Print version ISSN 0102-3306

Acta Bot. Bras. vol.26 no.1 Feira de Santana Jan./Mar. 2012

http://dx.doi.org/10.1590/S0102-33062012000100003 

ARTIGOS ARTICLES

 

Interação do regime hídrico com as relações nutricionais em ecossistema manguezal

 

Interaction of the water regime with nutrients relations in a mangrove ecosystem

 

 

Geraldo Rogério Faustini CuzzuolI, II; Andréa Campos RochaI

IUniversidade Federal do Espírito Santo, Departamento de Ciências Biológicas, Vitória, ES, Brasil
IIAutor correspondente: gcuzzuol@gmail.com

 

 


RESUMO

A hipótese de que a sazonalidade do regime fluvial e pluvial tenha alguma influência na composição físico-química do sedimento e na constituição química foliar em arbóreas do ecossistema manguezal foi testada nesse estudo. Foi investigada a influência do regime hídrico na constituição físico-química do ecossistema manguezal do rio Mucuri, Bahia, Brazil. O estudo foi realizado nos meses de abril (estação chuvosa) e outubro (estação de estiagem) nos sítios de domínio de Avicennia germinans, Laguncularia racemosa e Rhizophora mangle.
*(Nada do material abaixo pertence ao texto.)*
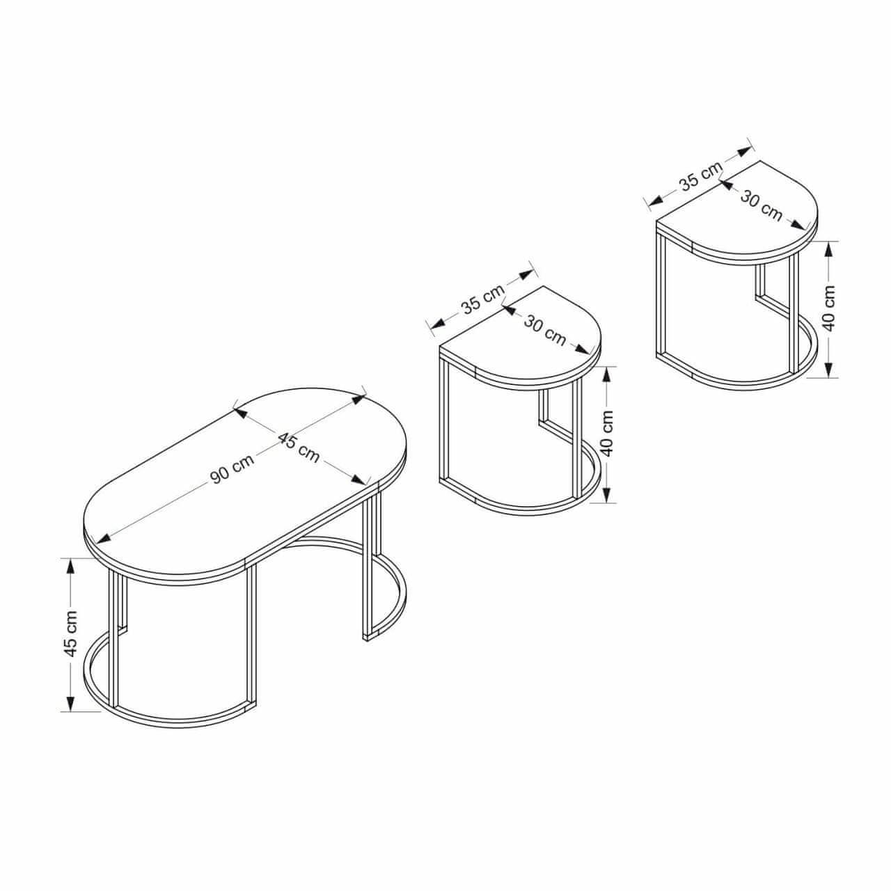 100 % MELAMINSKO PREVLEČENA IVERNA PLOŠČA Debelina: 18 mm Kovinski okvir Velikost: Širina: 90 cm Višina: 45 cm Globina: 45 cm (1 kos) Velikost: Širina: 35 cm Višina: 40 cm Globina: 30 cm (2 kosa)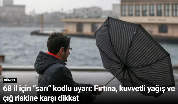Meteoroloji Genel Müdürlüğü (MGM), yurdun büyük bölümünde etkili olması beklenen olumsuz hava koşulları nedeniyle 68 il için “sarı” kodlu uyarı yayımladı. Uyarıda; fırtına, kuvvetli yağış ve yüksek kesimlerde çığ riskine karşı vatandaşların dikkatli ve tedbirli olması istendi.

Foram avaliadas as propriedades físico-químicas de seus sedimentos e a análise dos nutrientes das folhas. De maneira geral, os resultados foram influenciados pelo regime hídrico. A época de maior aporte de águas fluviais e pluviais foi marcada pelos maiores valores de bases trocáveis, capacidade de troca catiônica, pH, salinidade e dos nutrientes Ca, Fe e Mn nos sedimentos. Por outro lado, maiores valores de K, Mg e Zn ocorreram no período de estiagem. O regime hídrico influenciou, também, a constituição química das folhas. Durante a estiagem, a concentração de Ca, Mg, Zn, Fe e Cu foi maior. Diferenças interespecíficas e variação espacial também foram observadas. As folhas de A. germinans se destacaram pelo acúmulo de nutrientes e R. mangle, pela menor concentração de nutrientes. A região do bosque de bacia se caracterizou pelos maiores valores de matéria orgânica, pH e K. Esses fatores pouco influenciaram na concentração dos nutrientes foliares. A falta de um padrão sazonal claro na geomorfologia, geoquímica e na constituição química das folhas demonstra a complexidade na interpretação de dados em ecossistema costeiro, onde os fatores ambientais interagem de forma sinérgica e antagônica.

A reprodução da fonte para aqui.